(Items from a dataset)

—————

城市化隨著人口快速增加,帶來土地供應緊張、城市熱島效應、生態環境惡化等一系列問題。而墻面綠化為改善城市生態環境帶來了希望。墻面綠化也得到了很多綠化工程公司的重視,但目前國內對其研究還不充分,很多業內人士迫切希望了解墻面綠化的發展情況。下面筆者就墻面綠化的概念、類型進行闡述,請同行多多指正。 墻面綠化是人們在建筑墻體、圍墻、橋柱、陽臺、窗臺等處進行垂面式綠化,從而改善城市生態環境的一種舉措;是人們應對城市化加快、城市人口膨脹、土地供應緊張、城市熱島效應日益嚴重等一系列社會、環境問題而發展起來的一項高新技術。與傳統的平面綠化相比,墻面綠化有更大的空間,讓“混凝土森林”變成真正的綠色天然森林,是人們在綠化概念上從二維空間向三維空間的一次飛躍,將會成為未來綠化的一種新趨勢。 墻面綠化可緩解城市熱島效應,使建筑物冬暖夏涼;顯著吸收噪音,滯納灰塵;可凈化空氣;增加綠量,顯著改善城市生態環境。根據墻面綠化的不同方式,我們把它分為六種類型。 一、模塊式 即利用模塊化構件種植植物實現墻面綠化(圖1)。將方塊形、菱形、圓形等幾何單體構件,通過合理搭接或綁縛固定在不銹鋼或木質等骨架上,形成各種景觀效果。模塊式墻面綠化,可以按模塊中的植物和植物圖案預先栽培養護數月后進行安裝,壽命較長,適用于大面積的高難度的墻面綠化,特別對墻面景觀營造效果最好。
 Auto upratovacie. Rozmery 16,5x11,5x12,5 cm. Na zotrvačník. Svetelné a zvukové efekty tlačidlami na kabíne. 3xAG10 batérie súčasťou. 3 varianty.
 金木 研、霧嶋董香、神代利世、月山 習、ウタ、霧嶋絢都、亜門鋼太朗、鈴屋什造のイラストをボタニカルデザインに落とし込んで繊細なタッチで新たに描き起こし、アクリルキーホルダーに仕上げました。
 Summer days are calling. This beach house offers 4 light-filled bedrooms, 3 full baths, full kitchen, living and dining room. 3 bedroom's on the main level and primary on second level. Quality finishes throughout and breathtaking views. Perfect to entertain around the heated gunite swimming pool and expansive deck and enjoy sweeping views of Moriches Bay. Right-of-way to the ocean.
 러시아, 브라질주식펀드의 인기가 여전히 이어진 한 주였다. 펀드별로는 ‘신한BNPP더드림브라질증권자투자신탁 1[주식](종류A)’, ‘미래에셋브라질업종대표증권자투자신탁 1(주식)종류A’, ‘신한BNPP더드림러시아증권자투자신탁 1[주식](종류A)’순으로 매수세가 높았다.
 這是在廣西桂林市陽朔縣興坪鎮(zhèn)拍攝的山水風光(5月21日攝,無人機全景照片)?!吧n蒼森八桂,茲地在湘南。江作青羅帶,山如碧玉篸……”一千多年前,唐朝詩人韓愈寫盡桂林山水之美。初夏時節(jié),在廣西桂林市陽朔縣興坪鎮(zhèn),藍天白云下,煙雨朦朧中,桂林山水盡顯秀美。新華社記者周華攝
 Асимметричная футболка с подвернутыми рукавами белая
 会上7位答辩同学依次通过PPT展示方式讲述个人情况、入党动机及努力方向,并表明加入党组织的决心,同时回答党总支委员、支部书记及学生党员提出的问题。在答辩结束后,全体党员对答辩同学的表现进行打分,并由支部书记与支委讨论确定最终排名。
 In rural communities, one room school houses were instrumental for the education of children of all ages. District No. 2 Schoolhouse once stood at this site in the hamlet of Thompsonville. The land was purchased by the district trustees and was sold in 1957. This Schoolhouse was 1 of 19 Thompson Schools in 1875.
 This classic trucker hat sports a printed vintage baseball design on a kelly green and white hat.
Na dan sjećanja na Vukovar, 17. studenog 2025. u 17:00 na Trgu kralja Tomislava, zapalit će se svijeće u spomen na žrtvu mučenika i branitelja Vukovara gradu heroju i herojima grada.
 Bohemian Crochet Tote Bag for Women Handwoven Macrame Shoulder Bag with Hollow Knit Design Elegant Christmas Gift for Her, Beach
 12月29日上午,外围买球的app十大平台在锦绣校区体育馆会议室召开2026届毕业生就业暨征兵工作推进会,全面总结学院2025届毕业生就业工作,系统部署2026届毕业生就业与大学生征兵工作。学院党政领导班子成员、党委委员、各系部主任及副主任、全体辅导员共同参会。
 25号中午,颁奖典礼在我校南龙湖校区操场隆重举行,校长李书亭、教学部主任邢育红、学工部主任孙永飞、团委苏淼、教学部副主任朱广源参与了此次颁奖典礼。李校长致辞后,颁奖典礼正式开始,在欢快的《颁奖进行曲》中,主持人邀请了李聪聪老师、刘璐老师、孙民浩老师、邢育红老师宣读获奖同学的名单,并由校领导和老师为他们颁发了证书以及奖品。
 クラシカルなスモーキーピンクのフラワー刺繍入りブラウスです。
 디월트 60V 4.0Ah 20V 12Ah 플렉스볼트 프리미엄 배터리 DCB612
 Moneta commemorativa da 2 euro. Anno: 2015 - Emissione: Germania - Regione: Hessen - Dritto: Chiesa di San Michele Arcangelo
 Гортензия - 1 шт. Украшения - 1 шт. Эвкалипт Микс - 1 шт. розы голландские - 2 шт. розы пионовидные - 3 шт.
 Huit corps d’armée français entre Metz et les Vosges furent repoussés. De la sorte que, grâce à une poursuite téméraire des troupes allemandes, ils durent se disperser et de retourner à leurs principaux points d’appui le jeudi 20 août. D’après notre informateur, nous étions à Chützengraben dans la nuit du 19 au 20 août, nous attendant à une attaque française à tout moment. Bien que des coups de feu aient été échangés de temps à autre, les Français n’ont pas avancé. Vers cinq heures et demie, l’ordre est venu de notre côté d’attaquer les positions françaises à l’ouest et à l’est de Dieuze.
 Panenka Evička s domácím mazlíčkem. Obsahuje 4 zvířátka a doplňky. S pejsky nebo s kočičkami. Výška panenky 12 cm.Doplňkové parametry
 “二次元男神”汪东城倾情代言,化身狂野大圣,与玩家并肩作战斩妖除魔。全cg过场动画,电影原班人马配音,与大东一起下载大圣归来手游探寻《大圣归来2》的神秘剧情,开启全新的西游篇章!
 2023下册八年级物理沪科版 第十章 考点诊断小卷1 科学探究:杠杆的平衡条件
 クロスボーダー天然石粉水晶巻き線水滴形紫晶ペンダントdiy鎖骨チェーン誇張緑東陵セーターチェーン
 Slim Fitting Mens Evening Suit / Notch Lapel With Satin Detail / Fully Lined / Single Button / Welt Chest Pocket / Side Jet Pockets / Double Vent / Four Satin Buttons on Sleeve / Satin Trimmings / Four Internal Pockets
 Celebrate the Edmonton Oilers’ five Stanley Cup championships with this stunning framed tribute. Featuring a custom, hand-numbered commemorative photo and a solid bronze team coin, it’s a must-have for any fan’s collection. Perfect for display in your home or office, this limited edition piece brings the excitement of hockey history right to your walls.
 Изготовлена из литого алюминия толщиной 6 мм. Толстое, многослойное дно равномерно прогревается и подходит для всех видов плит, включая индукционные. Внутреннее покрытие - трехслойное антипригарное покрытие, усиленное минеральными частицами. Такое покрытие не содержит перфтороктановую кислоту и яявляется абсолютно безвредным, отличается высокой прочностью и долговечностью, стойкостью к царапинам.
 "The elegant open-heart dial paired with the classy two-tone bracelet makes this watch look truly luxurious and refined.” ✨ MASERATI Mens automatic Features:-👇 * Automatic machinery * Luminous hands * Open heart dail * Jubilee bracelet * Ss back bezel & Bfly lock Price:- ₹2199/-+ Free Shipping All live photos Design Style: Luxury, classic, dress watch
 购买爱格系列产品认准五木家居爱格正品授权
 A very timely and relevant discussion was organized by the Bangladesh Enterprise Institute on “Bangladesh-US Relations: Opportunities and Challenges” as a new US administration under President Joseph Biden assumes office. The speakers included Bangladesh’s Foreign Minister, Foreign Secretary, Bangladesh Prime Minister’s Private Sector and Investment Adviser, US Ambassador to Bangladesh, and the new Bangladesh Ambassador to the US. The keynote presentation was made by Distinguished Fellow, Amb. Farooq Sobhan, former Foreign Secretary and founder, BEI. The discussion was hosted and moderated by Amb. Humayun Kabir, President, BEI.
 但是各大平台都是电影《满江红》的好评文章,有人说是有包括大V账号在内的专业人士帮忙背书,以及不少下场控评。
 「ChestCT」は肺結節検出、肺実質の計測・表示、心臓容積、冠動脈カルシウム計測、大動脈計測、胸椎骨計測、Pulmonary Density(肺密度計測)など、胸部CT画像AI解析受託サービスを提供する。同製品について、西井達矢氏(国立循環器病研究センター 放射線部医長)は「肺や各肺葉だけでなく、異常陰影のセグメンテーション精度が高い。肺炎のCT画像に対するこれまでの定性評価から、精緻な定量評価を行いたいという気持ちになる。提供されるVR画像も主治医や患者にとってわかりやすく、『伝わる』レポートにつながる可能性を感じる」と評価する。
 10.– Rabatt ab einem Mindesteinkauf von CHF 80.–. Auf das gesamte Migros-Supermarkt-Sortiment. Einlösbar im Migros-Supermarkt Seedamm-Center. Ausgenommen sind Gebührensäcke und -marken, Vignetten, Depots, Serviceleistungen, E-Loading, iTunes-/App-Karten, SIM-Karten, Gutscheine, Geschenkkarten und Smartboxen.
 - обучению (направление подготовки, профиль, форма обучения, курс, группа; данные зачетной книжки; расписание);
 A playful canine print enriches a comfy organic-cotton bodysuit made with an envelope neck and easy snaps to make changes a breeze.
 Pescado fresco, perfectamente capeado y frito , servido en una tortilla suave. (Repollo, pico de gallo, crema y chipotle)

—————

• Task to complete:
There is a run of lines above from the one with "Panenka Evička s" to the one with "Slim Fitting Mens"; print exactly that run, both ends included, and nothing else.

• Solved problem:
 Panenka Evička s domácím mazlíčkem. Obsahuje 4 zvířátka a doplňky. S pejsky nebo s kočičkami. Výška panenky 12 cm.Doplňkové parametry
 “二次元男神”汪东城倾情代言,化身狂野大圣,与玩家并肩作战斩妖除魔。全cg过场动画,电影原班人马配音,与大东一起下载大圣归来手游探寻《大圣归来2》的神秘剧情,开启全新的西游篇章!
 2023下册八年级物理沪科版 第十章 考点诊断小卷1 科学探究:杠杆的平衡条件
 クロスボーダー天然石粉水晶巻き線水滴形紫晶ペンダントdiy鎖骨チェーン誇張緑東陵セーターチェーン
 Slim Fitting Mens Evening Suit / Notch Lapel With Satin Detail / Fully Lined / Single Button / Welt Chest Pocket / Side Jet Pockets / Double Vent / Four Satin Buttons on Sleeve / Satin Trimmings / Four Internal Pockets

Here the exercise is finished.